Content starts

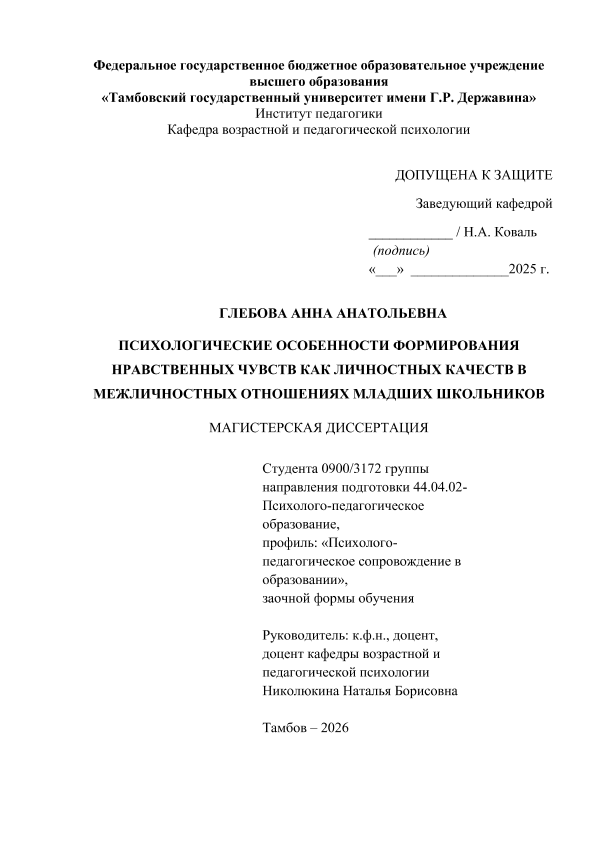 ГЛЕБОВА, АННА АНАТОЛЬЕВНА. ПСИХОЛОГИЧЕСКИЕ ОСОБЕННОСТИ ФОРМИРОВАНИЯ НРАВСТВЕННЫХ ЧУВСТВ КАК ЛИЧНОСТНЫХ КАЧЕСТВ В МЕЖЛИЧНОСТНЫХ ОТНОШЕНИЯХ МЛАДШИХ ШКОЛЬНИКОВ [Электронный ресурс]: магистерская диссертация: 44.04.02 Психолого-педагогическое образование: Психолого-педагогическое сопровождение в образовании: Заочная форма обучения / А. А. ГЛЕБОВА; ТГУ им. Г. Р. Державина ; науч. рук. к. филос. н., доцент, Н. Б. Николюкина. — Электрон. текстовые дан. (1 файл). — Тамбов, 2025. — Загл. с титул. экрана. — <URL:https://elibrary.tsutmb.ru/dl/docs/vkr18895.pdf>.
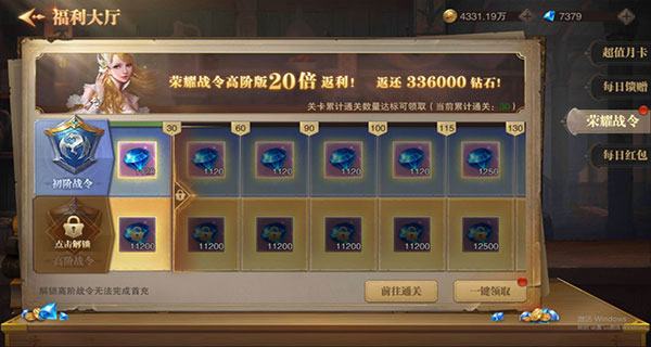 六、累计通关,即可领取初阶荣耀战令,在右上角的福利大厅界面。
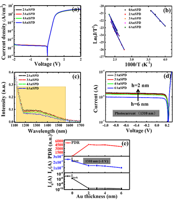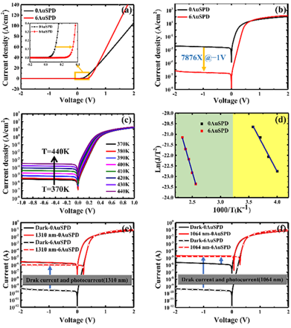 图2. (a)线性坐标(b)半对数坐标下0nm和6nm Au肖特基光电探测器暗态室温J-V特性(c)6nm Au探测器J-V温度依赖特性(d)Ln(J/T2)和1000/T关系图(e)1310 nm(f)1064 nm激光下室温光、暗态J-V特性。

Content ends

## What the task requires
Print the material above word for word, first line through the line with "六、累计通关,即可领取初阶荣耀战令,在右上角的福利大厅界面。", and leave every picture out.

## Result
 ГЛЕБОВА, АННА АНАТОЛЬЕВНА. ПСИХОЛОГИЧЕСКИЕ ОСОБЕННОСТИ ФОРМИРОВАНИЯ НРАВСТВЕННЫХ ЧУВСТВ КАК ЛИЧНОСТНЫХ КАЧЕСТВ В МЕЖЛИЧНОСТНЫХ ОТНОШЕНИЯХ МЛАДШИХ ШКОЛЬНИКОВ [Электронный ресурс]: магистерская диссертация: 44.04.02 Психолого-педагогическое образование: Психолого-педагогическое сопровождение в образовании: Заочная форма обучения / А. А. ГЛЕБОВА; ТГУ им. Г. Р. Державина ; науч. рук. к. филос. н., доцент, Н. Б. Николюкина. — Электрон. текстовые дан. (1 файл). — Тамбов, 2025. — Загл. с титул. экрана. — <URL:https://elibrary.tsutmb.ru/dl/docs/vkr18895.pdf>.
 六、累计通关,即可领取初阶荣耀战令,在右上角的福利大厅界面。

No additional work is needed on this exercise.